WORK TO BE COMPLETED:
Would you please copy only the lines from the line that contains "Every builder can" to the end of the data below, exactly, leaving every picture out?

RECORDED DATA:
|---|
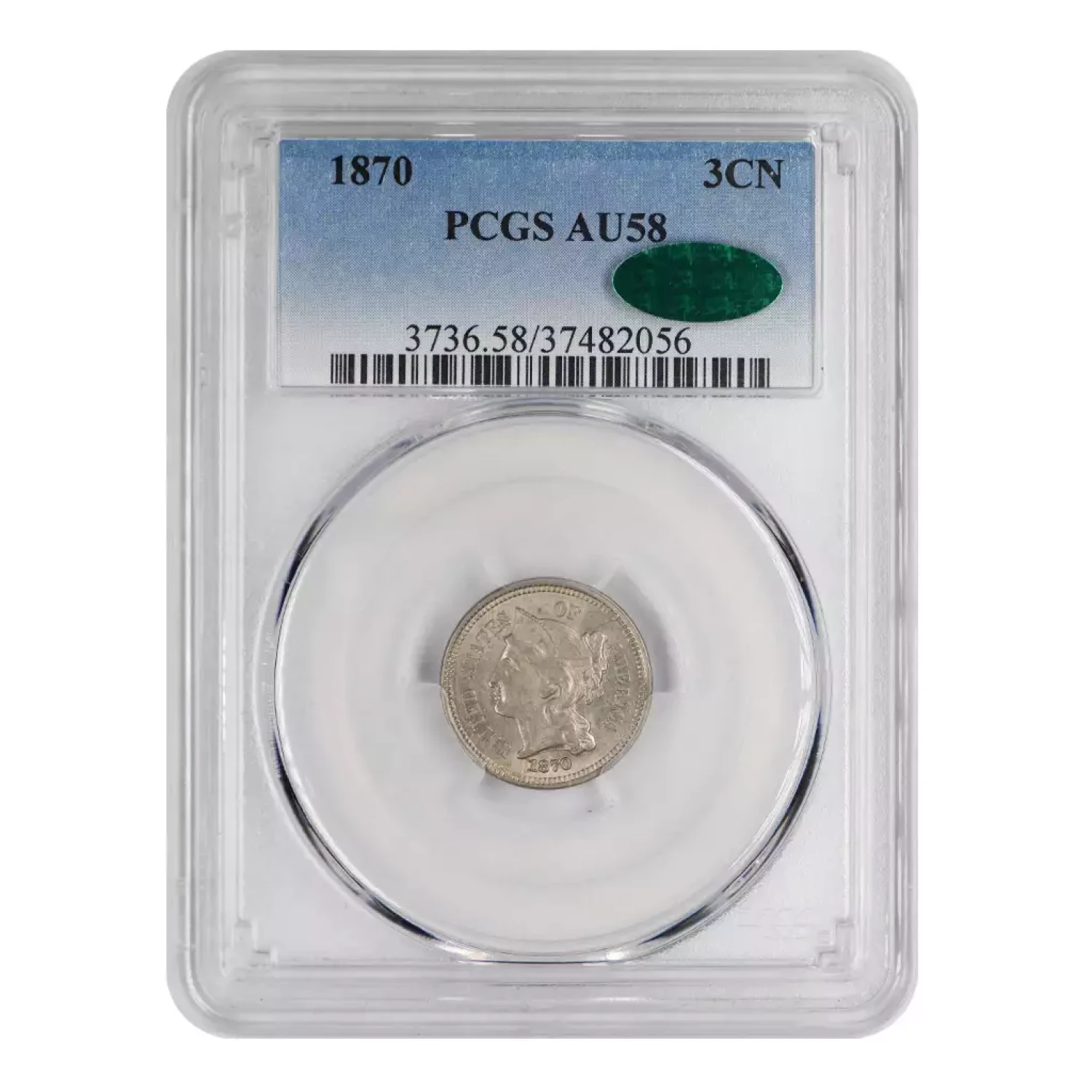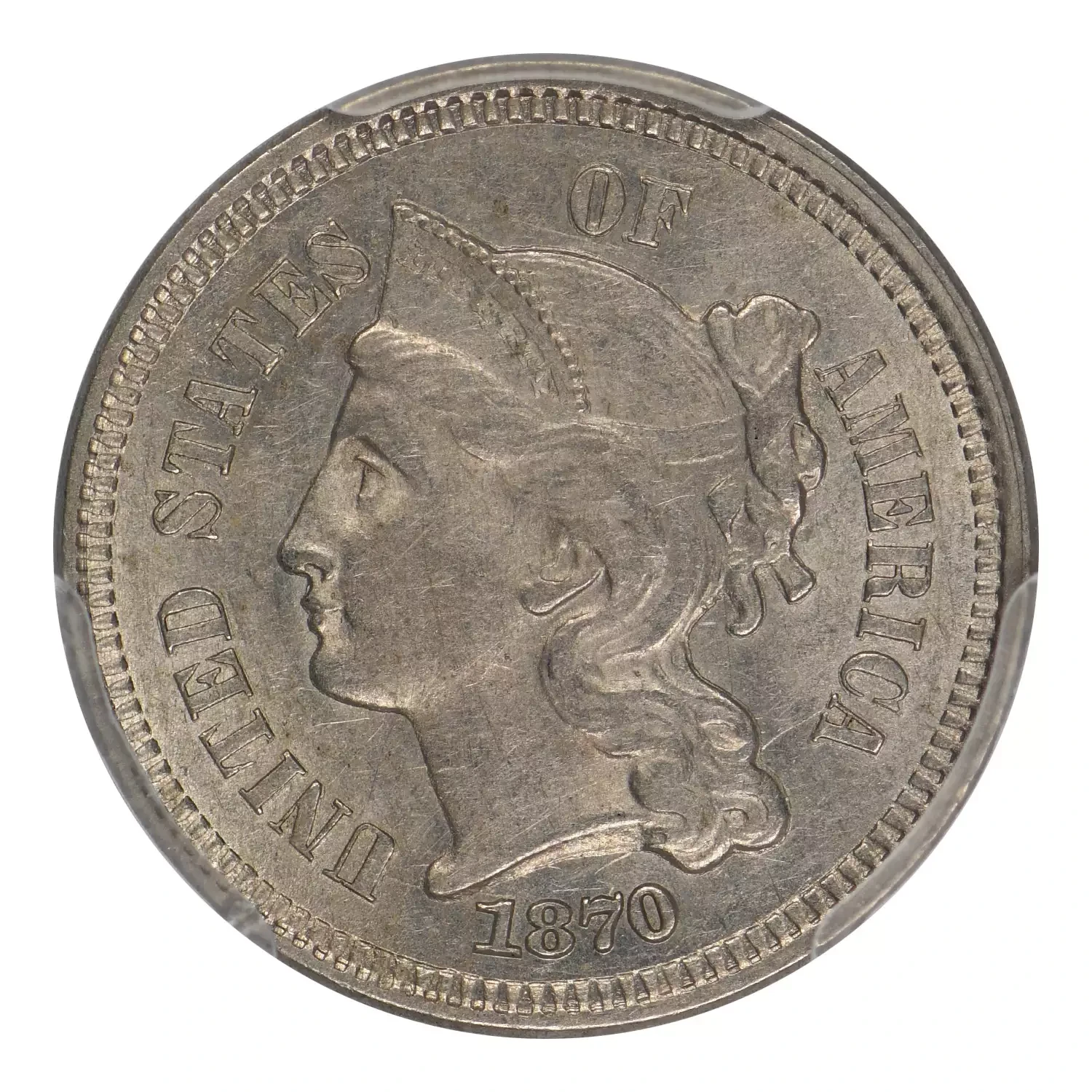 1870 P Nickel Three Cent Pieces PCGS AU-58
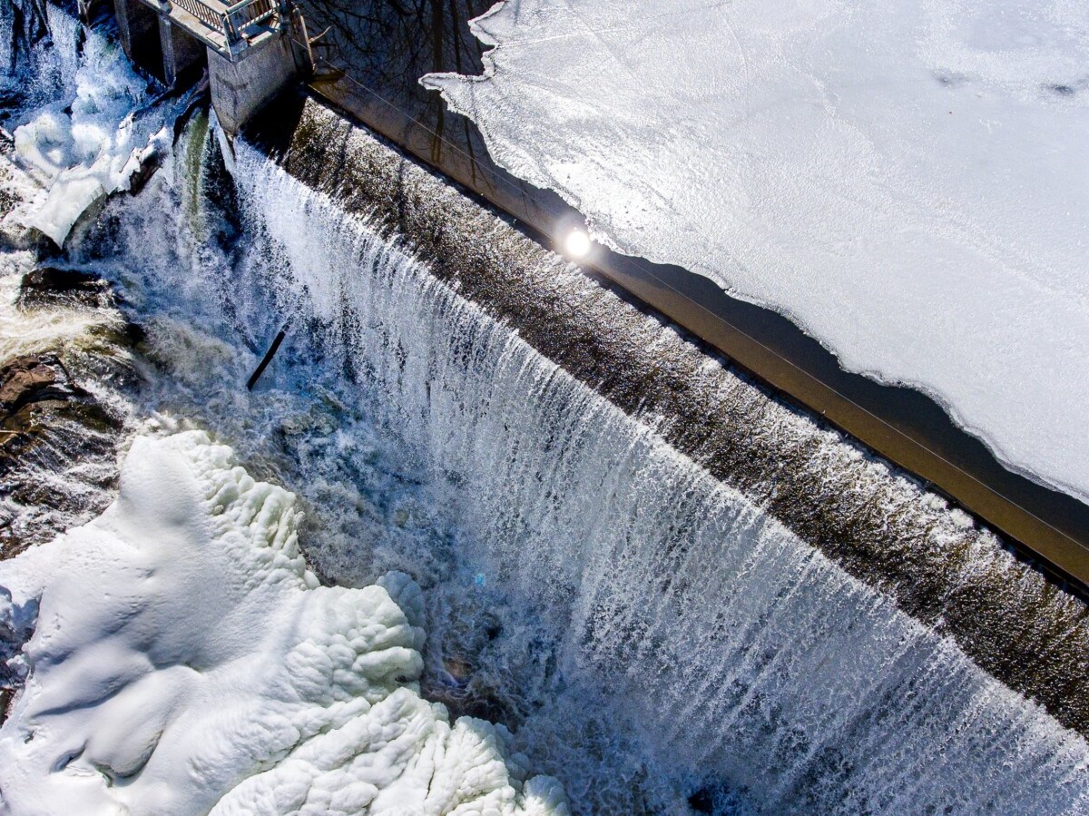 Water cascades onto frozen rocks below an Auburn dam on the Little Androscoggin River.
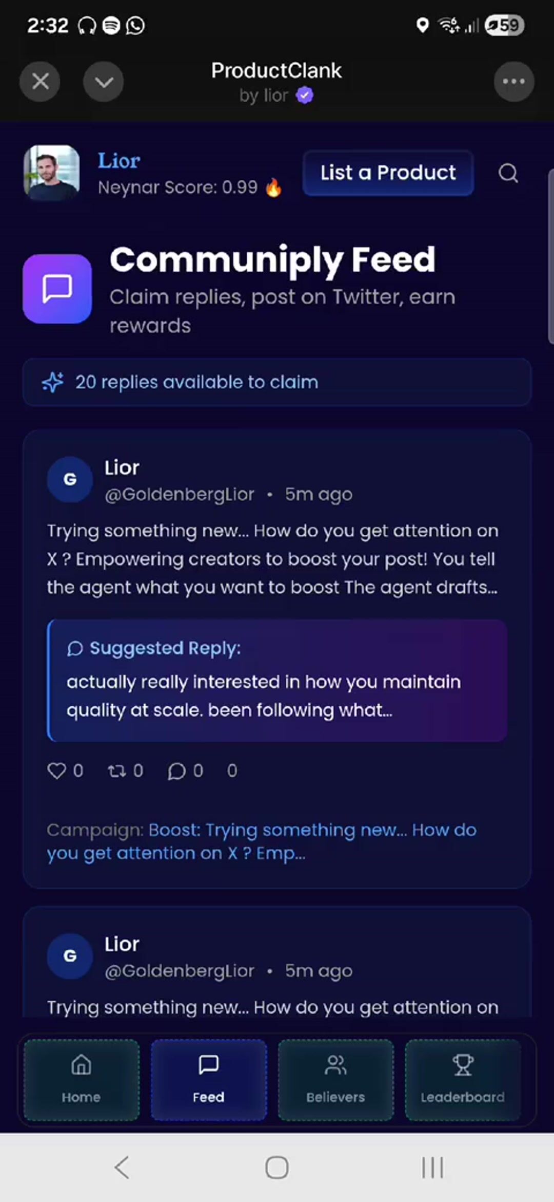 Every builder can use Communiply to boost their own posts on X and drive momentum by empowering their community.
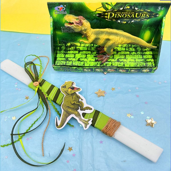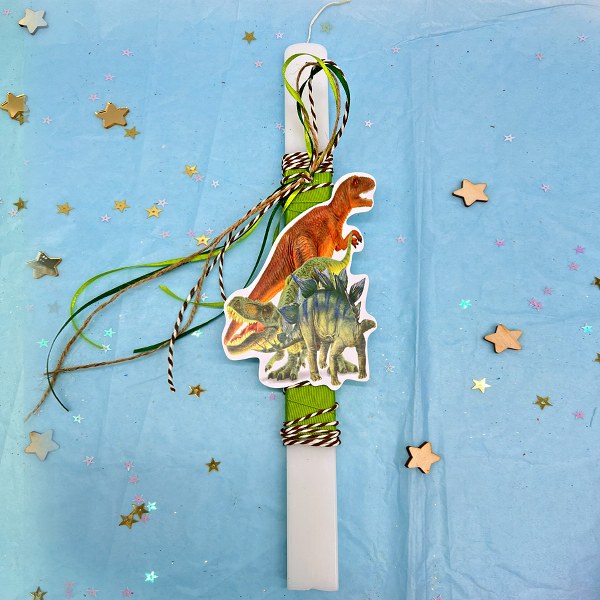 Χειροποίητη Πασχαλινή λαμπάδα με ξύλινο διακοσμητικό άγριοι Δεινόσαυροι!
|---|
OUTPUT BELOW:
 Every builder can use Communiply to boost their own posts on X and drive momentum by empowering their community.
 Χειροποίητη Πασχαλινή λαμπάδα με ξύλινο διακοσμητικό άγριοι Δεινόσαυροι!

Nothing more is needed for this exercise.